Los Angeles joins federal immigration case against Trump administration
Los Angeles and seven nearby cities will join a federal class-action lawsuit against the Trump administration that alleges the federal government is using illegal tactics while conducting sweeping immigration raids across the county.
The case, filed last week last week by immigration and civil rights organizations in the U.S. District Court for the Central District of California, asks the court to prevent the federal government from using “unlawful tactics to achieve its intended arrest numbers” in Los Angeles, including racial profiling and excessive use of force.
“I don’t want to say it’s my pleasure to be here with you, because it’s not,” Los Angeles Mayor Karen Bass said at a Tuesday news conference with City Attorney Hydee Feldstein-Soto and several mayors from around Los Angeles County.

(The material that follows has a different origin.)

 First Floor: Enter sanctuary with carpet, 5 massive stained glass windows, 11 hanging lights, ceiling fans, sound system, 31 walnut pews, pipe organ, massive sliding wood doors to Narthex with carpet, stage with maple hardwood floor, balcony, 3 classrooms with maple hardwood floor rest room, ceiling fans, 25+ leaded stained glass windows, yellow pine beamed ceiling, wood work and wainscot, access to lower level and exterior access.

Feldstein-Soto said that June 6 — when federal officers began ramped-up enforcement in the region, sparking protests — marked the beginning of a “completely frightening and new reality” for Angelenos.
“We are concerned about how they are carrying out immigration enforcement. We are not interfering with immigration enforcement,” she said.

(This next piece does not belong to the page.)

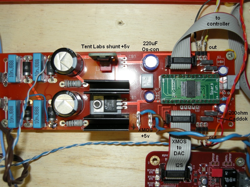 different regulators on AD1955 DAC analog power supply. 1) LT1086-5 considered a very good series regulator for audio 2) A very low noise shunt with no op-amp similar to Salas design 3) Tent Labs shunt The low noise shunt sound a little better than LT1086-5 but the Tent Labs shunt sound much more better. The sound with Tent Labs shunt is another world, all instruments and voices are distinguishable and separate. This shunt allows a great increase in the quality of the reproduced sound. |

The city’s move comes a day after heavily armed federal forces descended on the city’s MacArthur Park, raising the tensions between California officials and the Trump administration.
“I got alerted that there was an ICE operation, military intervention — who knows — at MacArthur Park. I turned around. We went to the park,” Bass said on Monday. “I could see a helicopter in the air. I think it was a Black Hawk helicopter. And I saw military tanks.”
The mayor’s office said it is not aware of any arrests made at Monday’s showing. A senior DHS official declined to comment on “ongoing enforcement operations.”
Attorney General Rob Bonta, along with 17 other states, filed an amicus brief in the lawsuit Monday, asking a court to block federal agents from using what they say are unconstitutional and unlawful stops during immigration sweeps, sometimes detaining legal residents.
“The actions of ICE and CBP during the raids in Los Angeles are part of a cruel and familiar pattern of attacks on our immigrant communities by an administration that thrives on fear and division,” Bonta said in a statement. Bass has for weeks been calling on Trump to pull federal agents, National Guard and Marines from Los Angeles, saying their presence has stoked widespread fear and outrage in the city.
Jeannette Zanipatin, director of policy and advocacy at the Coalition for Humane Immigrant Rights of Los Angeles, estimated on Monday that more than 2,300 Angelenos have been “uprooted from their homes and communities.”
Previous efforts to challenge the Trump administration over the federal presence in Los Angeles have not been successful. In June, a federal appeals courtblocked Gov. Gavin Newsom’s effort to reclaim control of 4,000 National Guard troops after they were deployed by Trump.